● **DIRECTIONS FOR THIS TASK**: From the entries below, print exactly the span beginning with the line holding "While a range" and ending with the line holding "Mt.Retaia with snow", endpoints included, and skip any pictures.

● **SUPPLIED DATA**:

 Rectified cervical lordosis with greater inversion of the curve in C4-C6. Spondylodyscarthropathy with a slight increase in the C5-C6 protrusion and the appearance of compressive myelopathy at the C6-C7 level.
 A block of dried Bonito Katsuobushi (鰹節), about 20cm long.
--
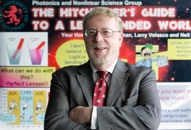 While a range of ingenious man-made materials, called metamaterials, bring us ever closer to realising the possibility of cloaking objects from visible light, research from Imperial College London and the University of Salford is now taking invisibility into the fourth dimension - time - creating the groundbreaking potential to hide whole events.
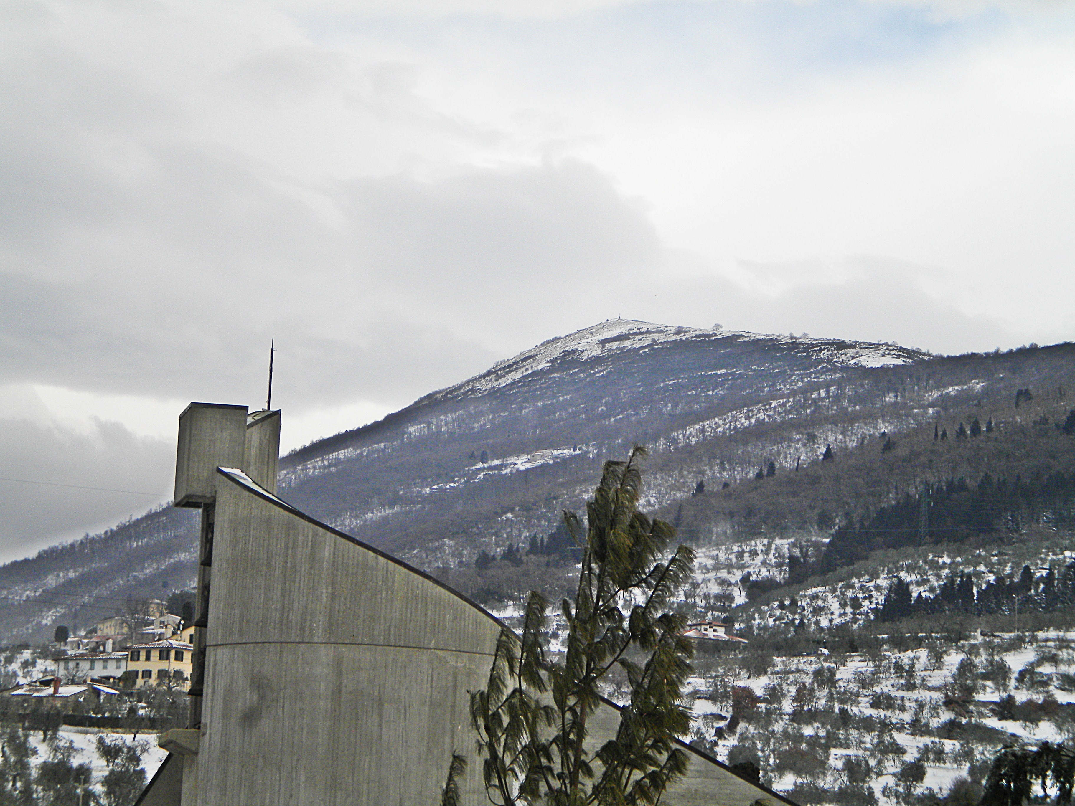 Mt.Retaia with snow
---
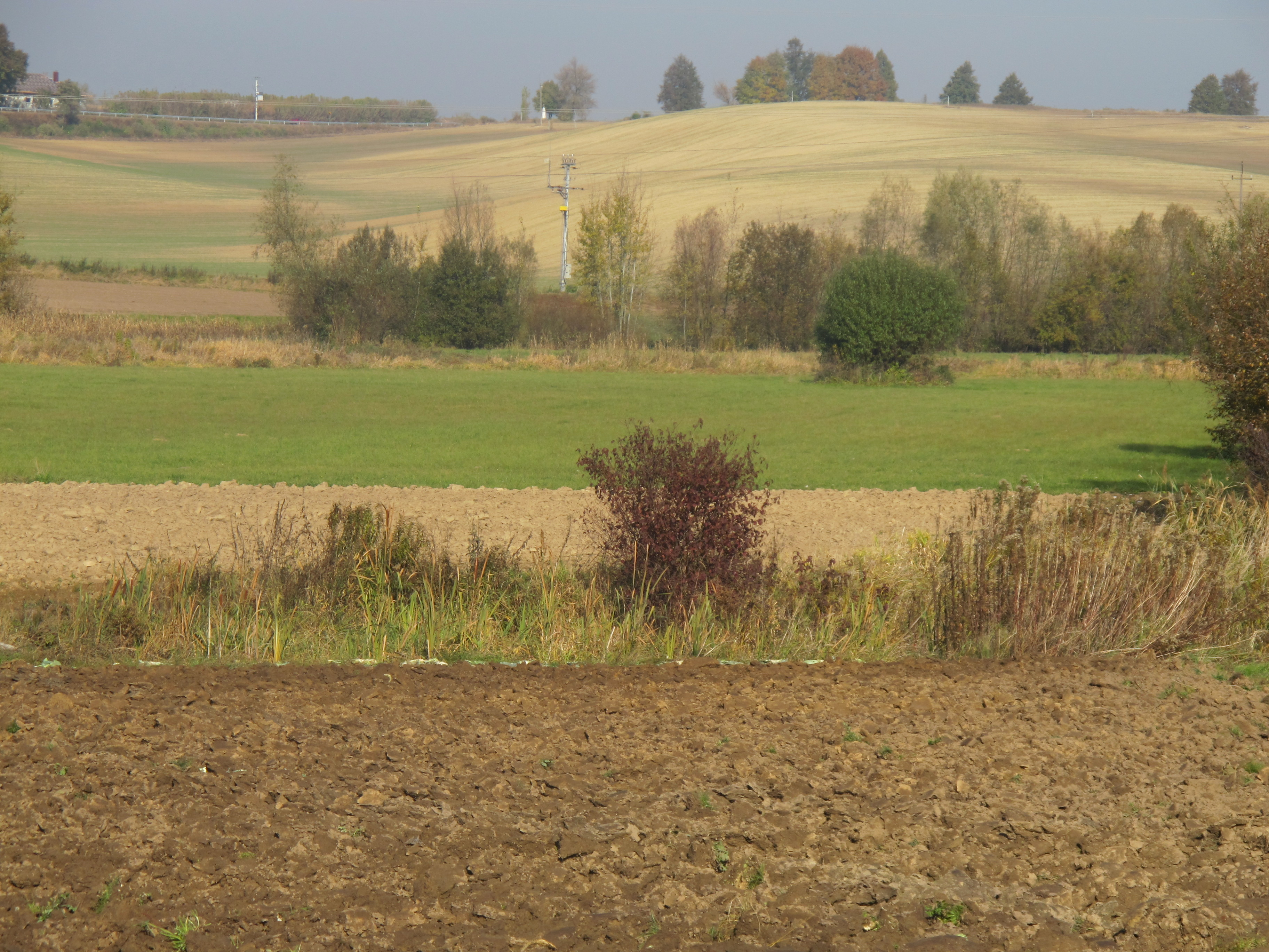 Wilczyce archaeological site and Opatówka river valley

● **RESPONSE FOR THIS EXERCISE**:
 While a range of ingenious man-made materials, called metamaterials, bring us ever closer to realising the possibility of cloaking objects from visible light, research from Imperial College London and the University of Salford is now taking invisibility into the fourth dimension - time - creating the groundbreaking potential to hide whole events.
 Mt.Retaia with snow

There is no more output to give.